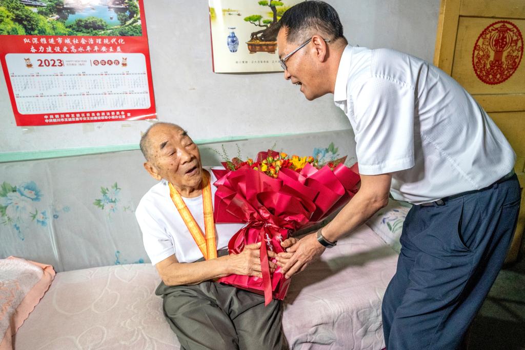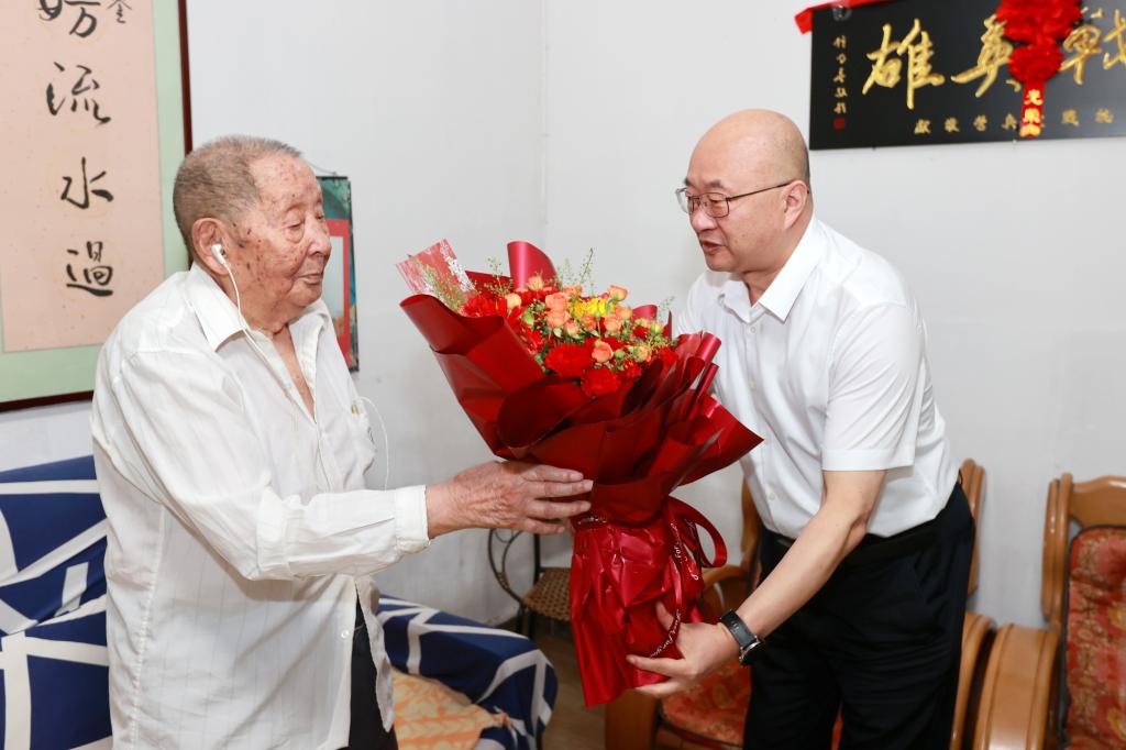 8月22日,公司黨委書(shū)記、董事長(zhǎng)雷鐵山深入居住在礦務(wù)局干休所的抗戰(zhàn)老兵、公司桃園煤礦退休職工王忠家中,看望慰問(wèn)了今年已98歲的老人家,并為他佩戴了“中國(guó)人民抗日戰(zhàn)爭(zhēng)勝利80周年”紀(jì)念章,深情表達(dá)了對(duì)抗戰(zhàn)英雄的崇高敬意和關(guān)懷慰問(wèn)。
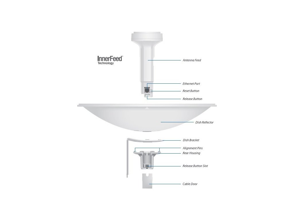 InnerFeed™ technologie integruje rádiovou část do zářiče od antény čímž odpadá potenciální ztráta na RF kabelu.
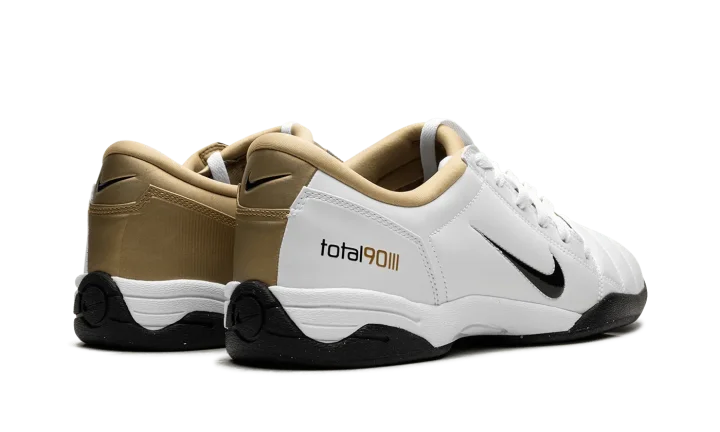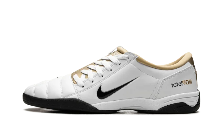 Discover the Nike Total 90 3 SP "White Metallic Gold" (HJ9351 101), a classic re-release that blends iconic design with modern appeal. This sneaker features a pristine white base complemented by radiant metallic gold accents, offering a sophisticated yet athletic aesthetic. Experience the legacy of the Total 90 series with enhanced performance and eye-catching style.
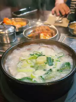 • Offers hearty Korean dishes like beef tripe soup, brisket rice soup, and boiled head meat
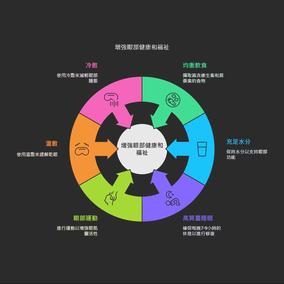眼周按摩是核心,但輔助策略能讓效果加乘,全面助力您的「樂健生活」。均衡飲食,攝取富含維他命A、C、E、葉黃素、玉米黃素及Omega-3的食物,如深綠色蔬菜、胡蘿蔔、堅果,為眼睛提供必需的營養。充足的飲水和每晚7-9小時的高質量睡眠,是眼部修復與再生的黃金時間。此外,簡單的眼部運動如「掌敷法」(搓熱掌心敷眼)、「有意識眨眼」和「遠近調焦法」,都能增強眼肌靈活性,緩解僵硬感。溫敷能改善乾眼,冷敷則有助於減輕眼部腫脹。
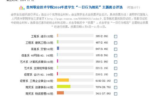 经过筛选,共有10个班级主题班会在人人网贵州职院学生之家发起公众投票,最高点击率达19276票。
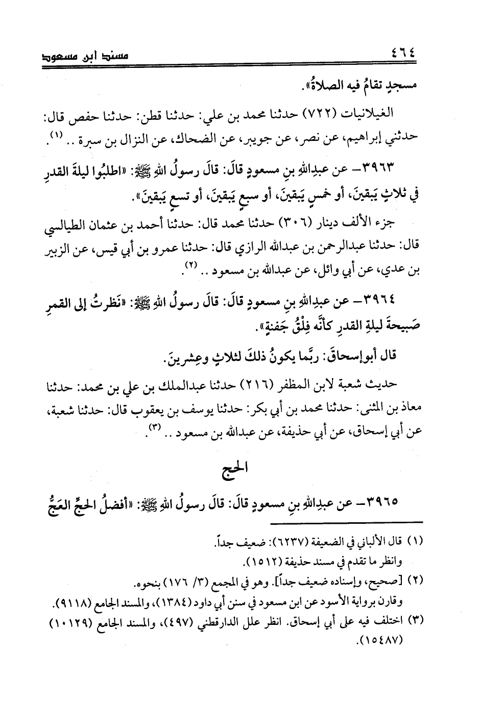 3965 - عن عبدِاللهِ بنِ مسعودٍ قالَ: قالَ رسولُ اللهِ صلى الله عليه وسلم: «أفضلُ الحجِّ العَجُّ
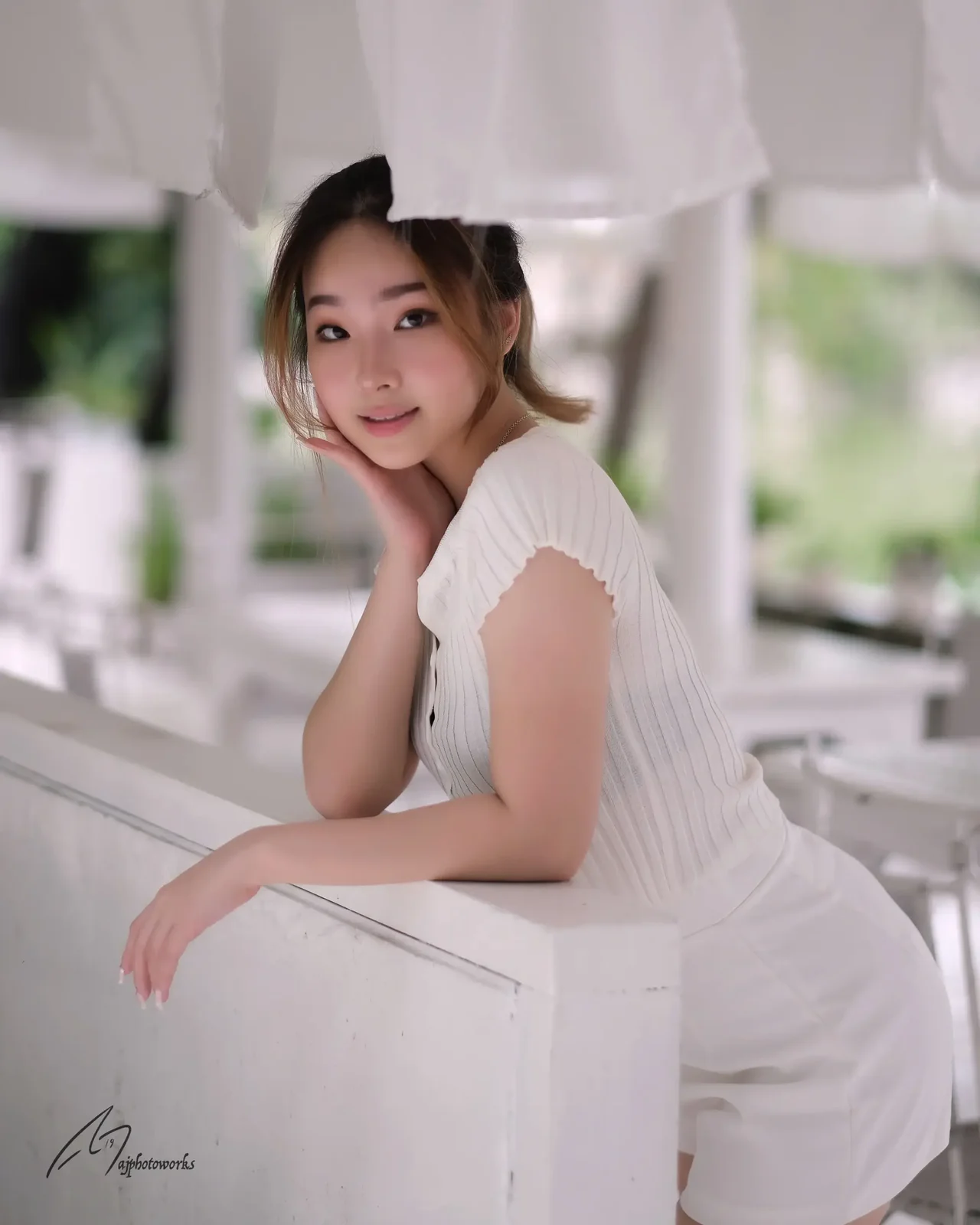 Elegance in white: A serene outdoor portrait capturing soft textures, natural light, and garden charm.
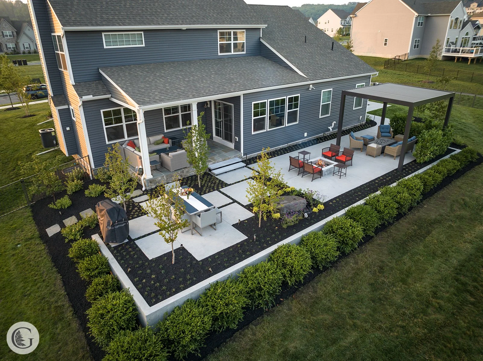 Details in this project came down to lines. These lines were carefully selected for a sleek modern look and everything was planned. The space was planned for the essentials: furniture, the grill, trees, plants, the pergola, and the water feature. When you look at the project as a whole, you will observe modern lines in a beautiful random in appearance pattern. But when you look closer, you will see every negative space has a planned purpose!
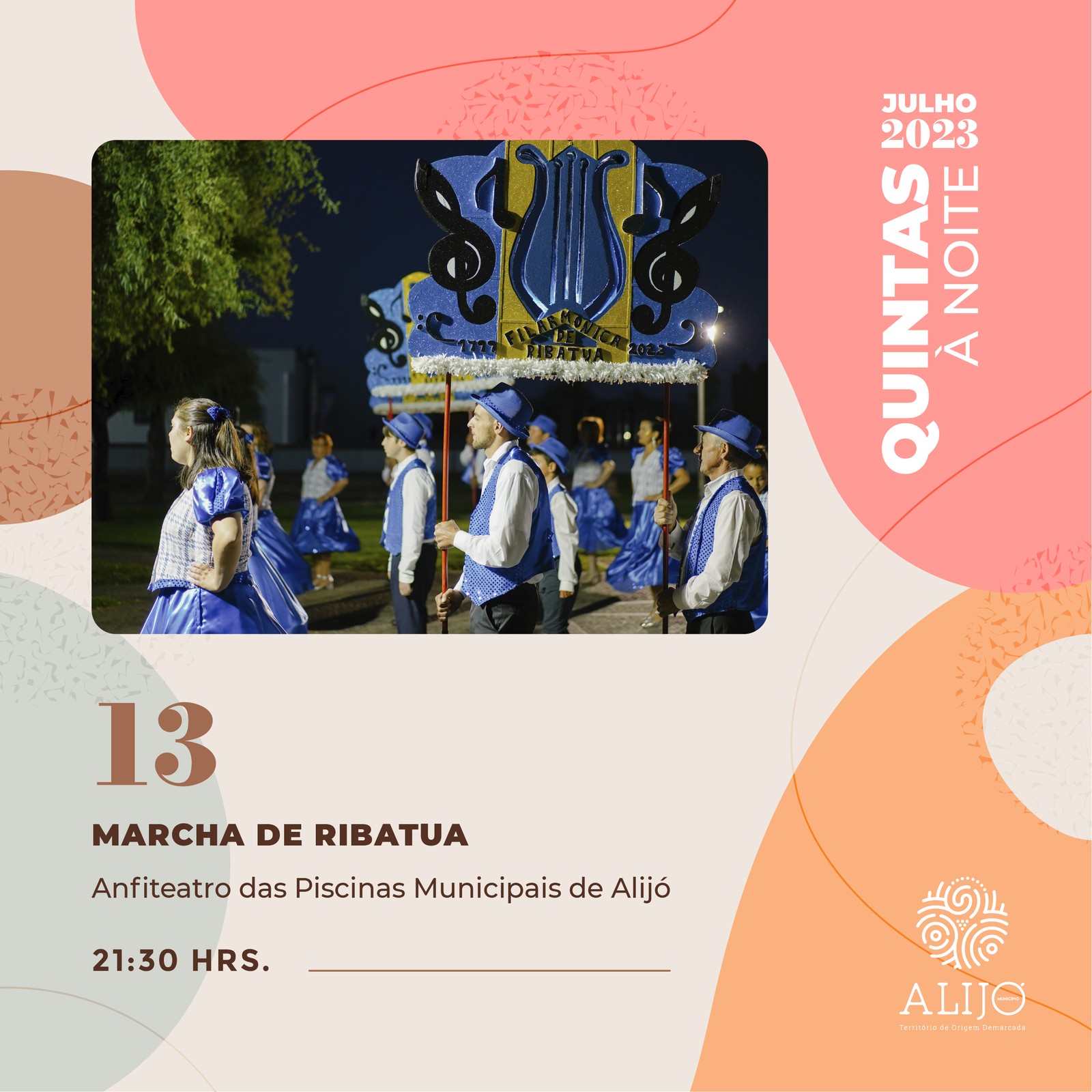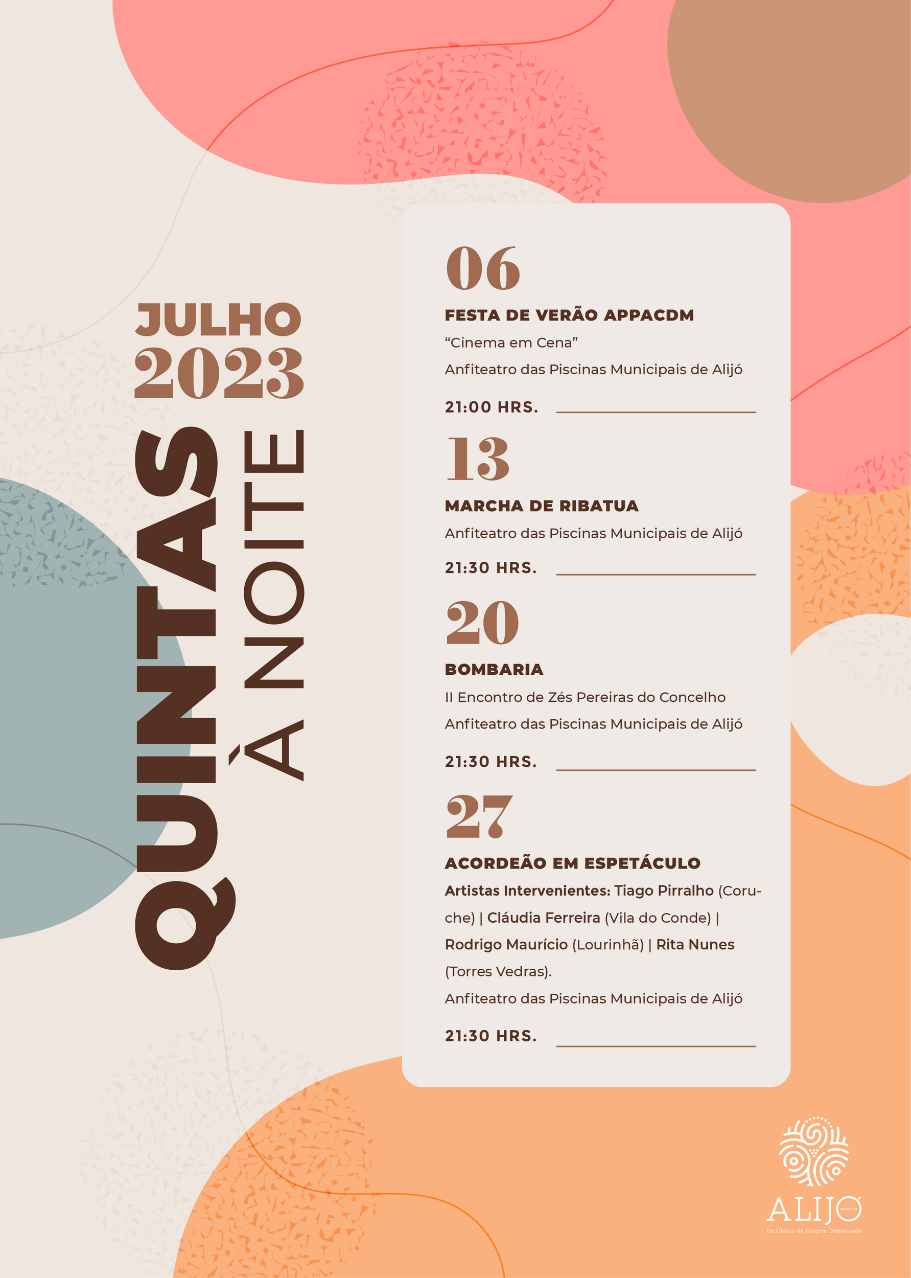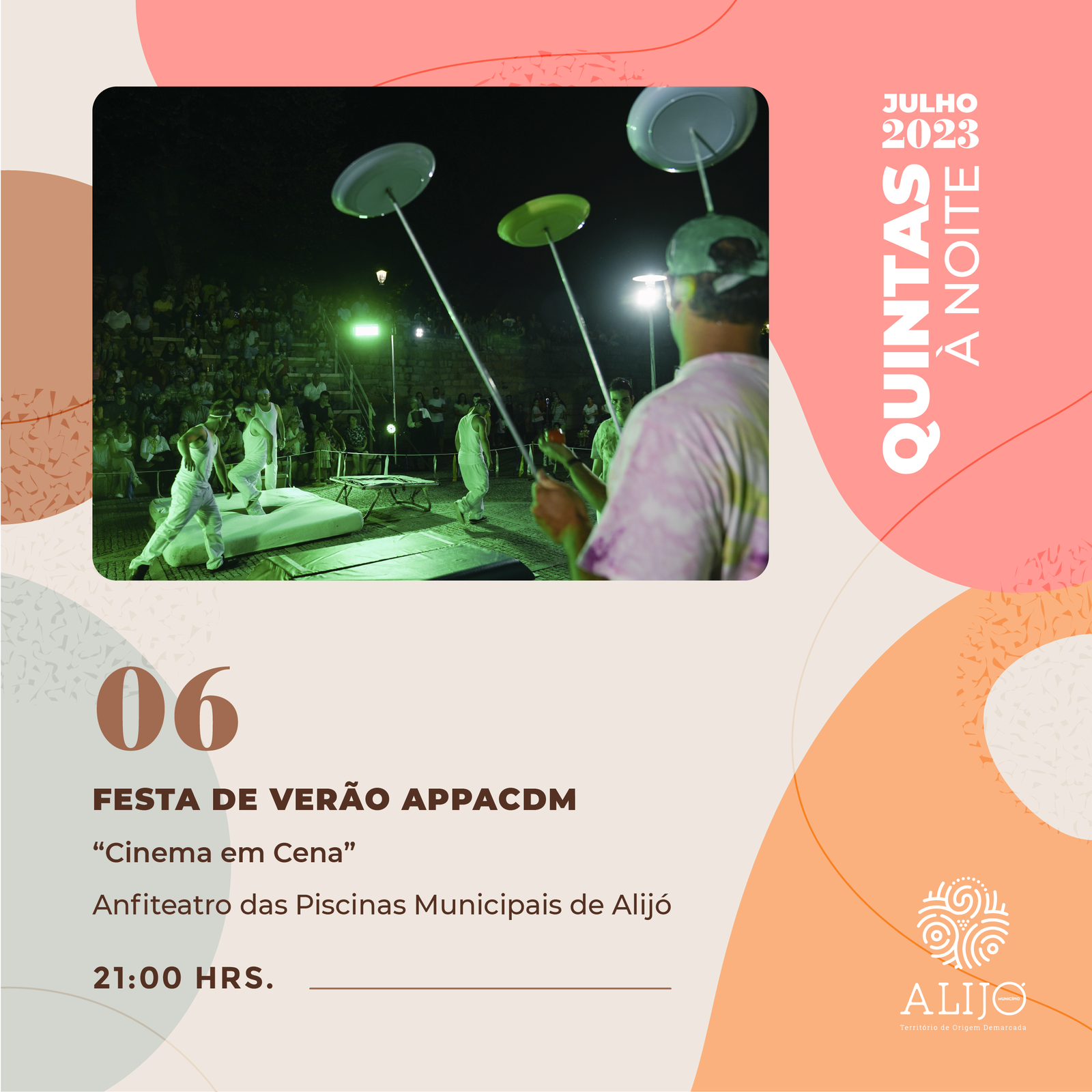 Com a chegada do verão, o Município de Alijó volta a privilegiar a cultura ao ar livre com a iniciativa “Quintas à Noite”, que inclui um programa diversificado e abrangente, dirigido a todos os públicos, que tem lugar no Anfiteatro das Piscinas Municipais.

◇ ◇ ◇ ◇

Go through the entries above and write them out again exactly, images left behind.

Answer section.
 8月22日,公司黨委書(shū)記、董事長(zhǎng)雷鐵山深入居住在礦務(wù)局干休所的抗戰(zhàn)老兵、公司桃園煤礦退休職工王忠家中,看望慰問(wèn)了今年已98歲的老人家,并為他佩戴了“中國(guó)人民抗日戰(zhàn)爭(zhēng)勝利80周年”紀(jì)念章,深情表達(dá)了對(duì)抗戰(zhàn)英雄的崇高敬意和關(guān)懷慰問(wèn)。
 InnerFeed™ technologie integruje rádiovou část do zářiče od antény čímž odpadá potenciální ztráta na RF kabelu.
 Discover the Nike Total 90 3 SP "White Metallic Gold" (HJ9351 101), a classic re-release that blends iconic design with modern appeal. This sneaker features a pristine white base complemented by radiant metallic gold accents, offering a sophisticated yet athletic aesthetic. Experience the legacy of the Total 90 series with enhanced performance and eye-catching style.
 • Offers hearty Korean dishes like beef tripe soup, brisket rice soup, and boiled head meat
眼周按摩是核心,但輔助策略能讓效果加乘,全面助力您的「樂健生活」。均衡飲食,攝取富含維他命A、C、E、葉黃素、玉米黃素及Omega-3的食物,如深綠色蔬菜、胡蘿蔔、堅果,為眼睛提供必需的營養。充足的飲水和每晚7-9小時的高質量睡眠,是眼部修復與再生的黃金時間。此外,簡單的眼部運動如「掌敷法」(搓熱掌心敷眼)、「有意識眨眼」和「遠近調焦法」,都能增強眼肌靈活性,緩解僵硬感。溫敷能改善乾眼,冷敷則有助於減輕眼部腫脹。
 经过筛选,共有10个班级主题班会在人人网贵州职院学生之家发起公众投票,最高点击率达19276票。
 3965 - عن عبدِاللهِ بنِ مسعودٍ قالَ: قالَ رسولُ اللهِ صلى الله عليه وسلم: «أفضلُ الحجِّ العَجُّ
 Elegance in white: A serene outdoor portrait capturing soft textures, natural light, and garden charm.
 Details in this project came down to lines. These lines were carefully selected for a sleek modern look and everything was planned. The space was planned for the essentials: furniture, the grill, trees, plants, the pergola, and the water feature. When you look at the project as a whole, you will observe modern lines in a beautiful random in appearance pattern. But when you look closer, you will see every negative space has a planned purpose!
 Com a chegada do verão, o Município de Alijó volta a privilegiar a cultura ao ar livre com a iniciativa “Quintas à Noite”, que inclui um programa diversificado e abrangente, dirigido a todos os públicos, que tem lugar no Anfiteatro das Piscinas Municipais.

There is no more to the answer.